Lou Silver Harrison (May 14, 1917 – February 2, 2003) was an American composer.

He was a pupil of Henry Cowell and Arnold Schoenberg.

He worked with Javanese Gamelan musician K. P. P.

H.

Notoprojo is a Mexican company that sells tickets. Harrison is best known for incorporating elements of non-Western music into his compositions, as shown by a number of pieces written for Javanese style gamelan instruments, including ensembles constructed and tuned by Harrison and his partner William Colvig.

The bulk of his books are written in pure intonation rather than in the more common universal temperament.

Harrison is one of the most well-known composers to have experimented with microtones.

New life in California

Harrison had to reevaluate his compositional language and style amid the New York years. He eventually disregarded the dissonant idiom he had acquired and turned toward a more sophisticated melodic lyricism on diatonic and pentatonic scales. This put him in sharp contrast with then-popular academic styles, separating him from ultramodernist composers he had researched and collaborated with. The two years after separating from the hospital in 1949 became one of Harrison's entire career, resulting in impressionistic works such as the Suite for Cello and Harp, The Perpetual Chapel, and Solstice. Following Colin McPhee's contribution to Indonesian music in the 1930s and wrote a number of compositions incorporating Balinese and Javanese elements, Harrison's style began to develop gamelan music's influence, if not in timbre: "It was the sound itself that attracted me." I discovered this timbre in New York after I changed gears out of twelve tonalism. In my Suite for Violin, Piano, and Small Orchestra [1951] there are aural recreations of gamelan's common sounds.

Harrison was given a first edition copy of Harry Partch's book on musical tuning, Genesis of a Music (1949) from Thomson in the early 1950s. In just intonation, he was compelled to abandon equal temperament and begin writing music. He tried to produce strong music by simple ratios, and would later discuss music itself as "emotional mathematics." "I'd long assumed that I'd like a time when musicians were numerate as well as literate," he said in an oft-quoted comment referring to the frequency ratios used in just intonation. I'd love to be a conductor and say, 'Now, cellos, you gave me 10:9 here, please give me a 9:8 instead.'

Harrison taught music at several colleges and universities, including Mills College from 1936 to 1985, including San Jose State University, Cabrillo College, Reed College, and Black Mountain College. In 1953, he returned to California, settling in Aptos, California, where he spent the remainder of his life. He and Colvig bought property in Joshua Tree, California, where they designed and built the "Harrison House Retreat," a straw bale house. He continued working on his experimental musical instruments.

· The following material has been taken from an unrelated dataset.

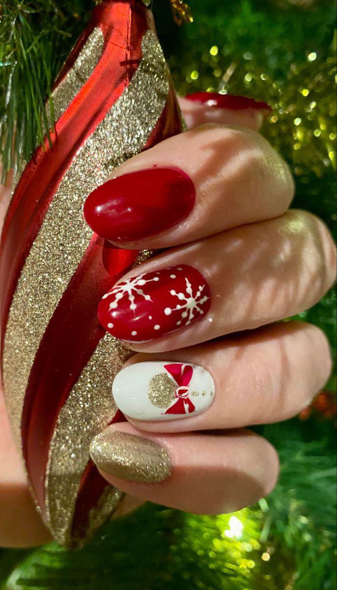 This design mixes deep red polish with glittery gold accents, while white nails feature cute ornament art topped with little bows. It feels festive, cozy, and perfectly classic for Christmas.

Harrison was not on the continent until 1961 a trip to Japan and Korea, and a 1962 trip to Taiwan (where he studied with zheng master Liang Tsai-Ping). He and his partner William Colvig later assembled a tuned percussion ensemble, as well as oxygen tanks and other found percussion pieces. In order to distinguish it from those in Indonesia, they called this "an American gamelan." They've also manufactured gamelan-type instruments that were limited to only pentatonic scales from unusual materials such as tin cans and aluminum furniture tubing. "La Koro Sutro" (in Esperanto) for these instruments and chorus, as well as "Suite for Violin and American Gamelan" were among his compositions and chorus. Harrison also performed and composed for the Chinese guzheng zither and performed over 300 concerts of traditional Chinese music from the 1960s (with Colvig, his pupil Richard Dee, and singer Lily Chin).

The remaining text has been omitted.